Gerontology Expert to ­Improve Quality of Life for Older Adults

Nancy Morrow-Howell, the Ralph and Muriel Pumphrey Professor of Social Work, recently assumed directorship of the Harvey A. Friedman Center for Aging at Washington University. (Joe Angeles)

With the aging population rapidly growing worldwide, developing ways to improve quality of life for older adults is an increasingly important issue. An ­expert on productive aging, Nancy Morrow-Howell, PhD, ­recently assumed directorship of Washington University’s Harvey A. Friedman Center for Aging. She succeeds John C. Morris, MD, the Harvey A. and Dorismae Hacker ­Friedman ­Distinguished Professor of Neurology and director of WUSTL’s Charles F. and Joanne Knight Alzheimer’s Disease Research Center. Morrow-Howell, the Ralph and Muriel Pumphrey Professor of Social Work, hopes to establish more interdisciplinary projects across the university and extend the Center for Aging’s reach around the world.

Washington Magazine: What are your primary goals for the university-wide Center for Aging?
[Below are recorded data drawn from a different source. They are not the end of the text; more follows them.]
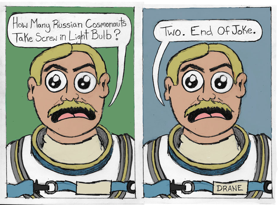 This Comic is Dedicated to Brian Stuhlman and Callina Johnmeyer who laughed when I said this all the way back in 2002. We had Russian Cosmonauts come visit our high school and they were very very dry. For some reason this just always stuck with me.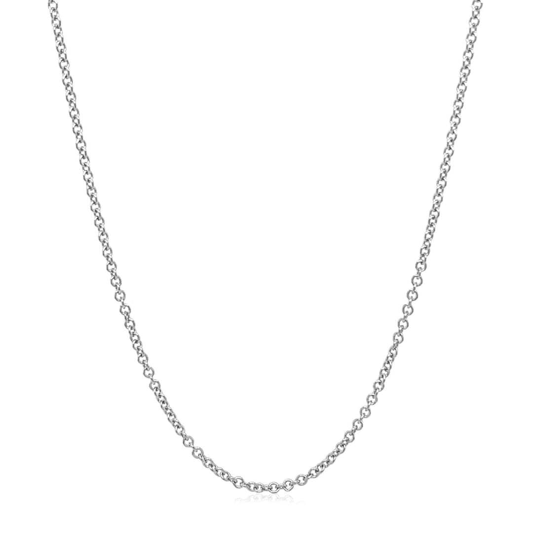 This round cable link chain comes in 14k white gold and has a width of 1.5 millimeters.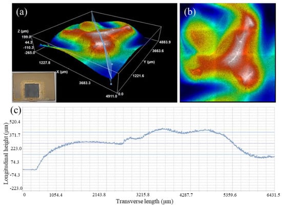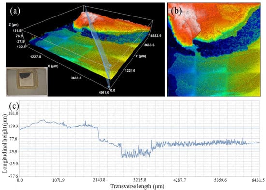Fracture morphologies of brazed joints after introducing the MRLS. (a) three-dimensional view of the fracture morphology, (b) top-view of the fracture morphology, (c) height profile on the cross-section in figure (a).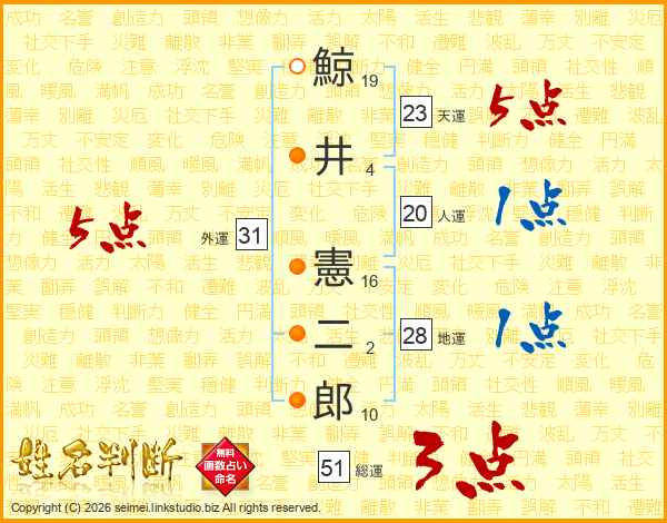 鯨(19画)井(4画) 憲(16画)二(2画)郎(10画)

Nancy Morrow-Howell: Population aging is changing the age distribution of most societies around the world, and it ­affects all aspects of life — the structure of families, the economy, the health-care system, housing and transportation. And every academic discipline plays a role ­producing knowledge to shape programs and policies for aging societies. The Harvey A. Friedman Center for Aging will provide leadership to promote research, education and community service — areas that enhance the quality of life for older adults, ­families and communities. The full range of ­academic ­disciplines will be involved in these activities, and Washington University will be a local, ­national and international resource.

WM: How will your internationally known research on productive aging inform your goals?

“The productive aging perspective ­suggests that engagement is an important part of quality of life for older adults.”

—Nancy Morrow-Howell, PhD

NMH: The productive aging perspective suggests that engagement is an important part of quality of life for older adults. A lot of ­factors — physical health, cognitive health, mental health, social networks, age-friendly infrastructures in the ­community, and opportunities to work and volunteer — affect this  engagement. The concept of engagement brings together a lot of disciplines. So it’s my hope that I can galvanize more interdisciplinary work on this topic through opportunities at the ­Friedman Center.

WM: How do you hope to extend the center’s scope?

NMH: By working through the McDonnell Academy, I hope to extend the scope of the Friedman Center internationally. The center will also focus on extending our reach in St. Louis and nationally. There are so many issues important to older adults that demand more academic attention and academic–community partnerships.

WM: Could you provide examples of the research, education or initiatives that are pivotal to the center’s success, and provide a foundation on which to build future impacts?

NMH: Gerontology faculty from psychology, occupational therapy and social work currently teach an interdisciplinary geriatric team course. I hope to create other interdisciplinary classes. The Friedman Center maintains strong relationships with many agencies in St. Louis. I hope to deepen these relationships so that our academic-agency partnerships can make a difference in the development of programs and policies for the older population.